Teck Trail Operations is proud to commemorate 125 years of continuous smelting with an eight-part series that explores the company’s significant role in the region and industry, from the gold rush to becoming one of the world’s largest fully integrated zinc and lead smelting and refining complexes. Since 1896, visionary leadership, generations of skilled employees, adaptation, and industry-leading technological advancements in mining and smelting have helped the company achieve long-term success. Please enjoy this series that celebrates our legacy as Champions of Innovation.
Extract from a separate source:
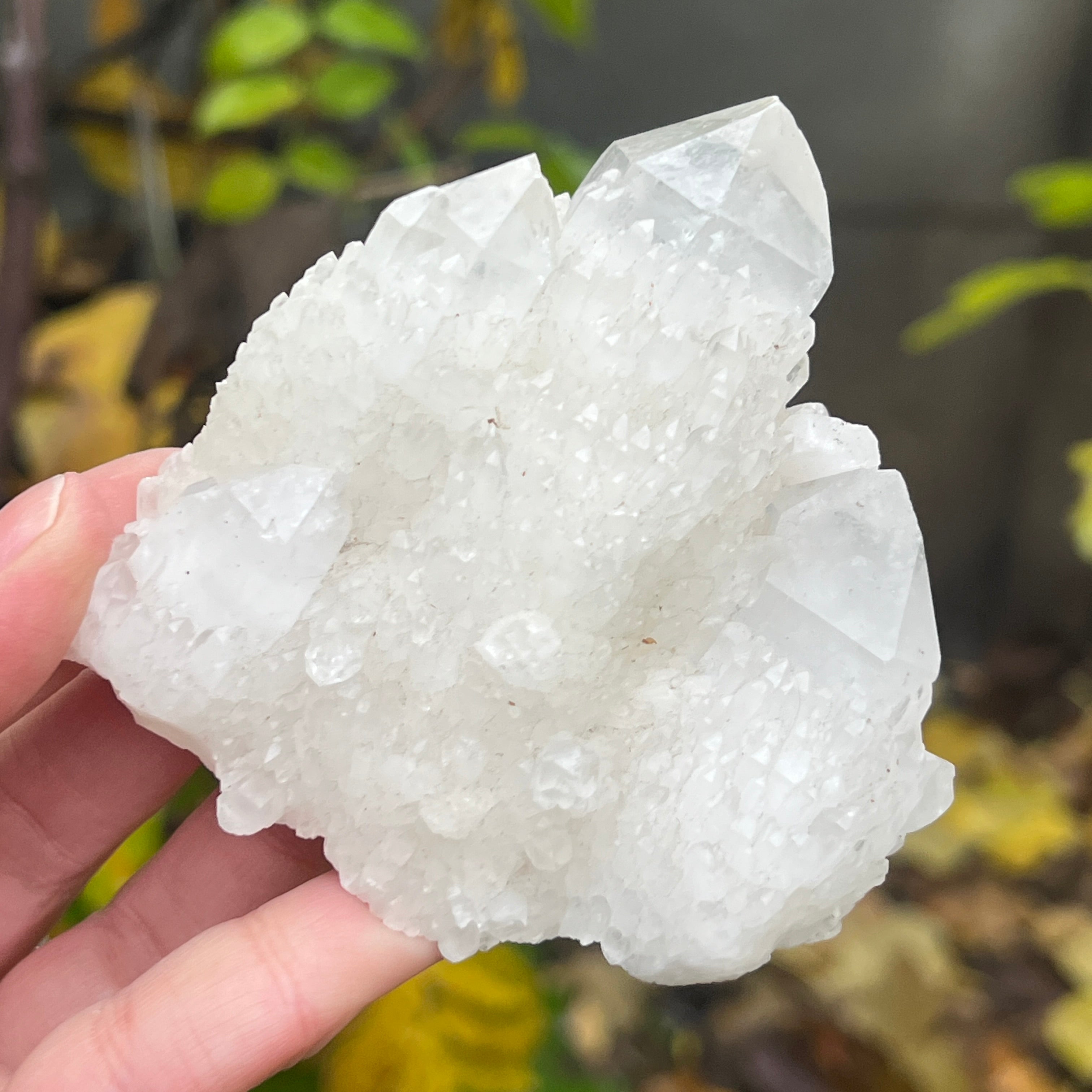 Una punta que parece esculpida por la propia luz. El cuarzo celeste, también conocido como cuarzo vela, combina la fuerza de un cristal de cuarzo con la suavidad y el resplandor de una llama interior. Su forma única, similar a una piña cristalina, emana una energía de purificación profunda y de conexión con los planos superiores de la conciencia.

During the 1920s, the company’s profits grew and the workforce climbed to 2,500 employees. Teck Trail Operations began expanding and maturing and Selwyn Blaylock, who would rise through the company’s ranks to become President in 1939, gloried in the success of the city and the business. To him, the city of Trail was an extension of the company. His leadership influenced investment in community projects and he took particular interest in the welfare of employees and local citizens.
From the early days, the company did everything possible to establish Trail’s reputation as a city of opportunity. Company leaders prioritized fostering world-class sports teams for the ‘Home of the Champions.’ Most notable was hockey, with the Trail Smoke Eaters winning the World Championship in 1939. The victory scene is commemorated today in a mural at the team’s venue, the Trail Memorial Centre, which the company built and donated to the city in November 1949.
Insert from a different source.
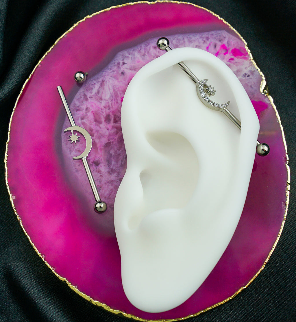 Twilight Moon And Star Clear CZ Internally Threaded Titanium Industrial Barbell

As the company’s business boomed and Trail’s population swelled, citizens required more amenities, services, and cultural outlets. Education was extremely important to the company’s engineers and their families, so the city opened Central School—the first large elementary-to-senior-grade school—in 1911; the growing student body later necessitated a high school and neighbourhood elementary schools. The city slowly replaced theirwooden, false-front buildings with modern structures such as the Knights of Pythias Hall, Crown Point Hotel, and City Hall, which became community pillars.
The company embraced the progress and broadened its scope to real estate. By 1922, Tadanac was incorporated as a company-owned district, and by 1938, the company had established a 316-lot subdivision in Warfield that was sold to employees. They also provided land for the Trail-Tadanac hospital and nurses’ residence, which were located at the foot of the smelter hill, built and ran the Company Store, and funded the first Legion Hall.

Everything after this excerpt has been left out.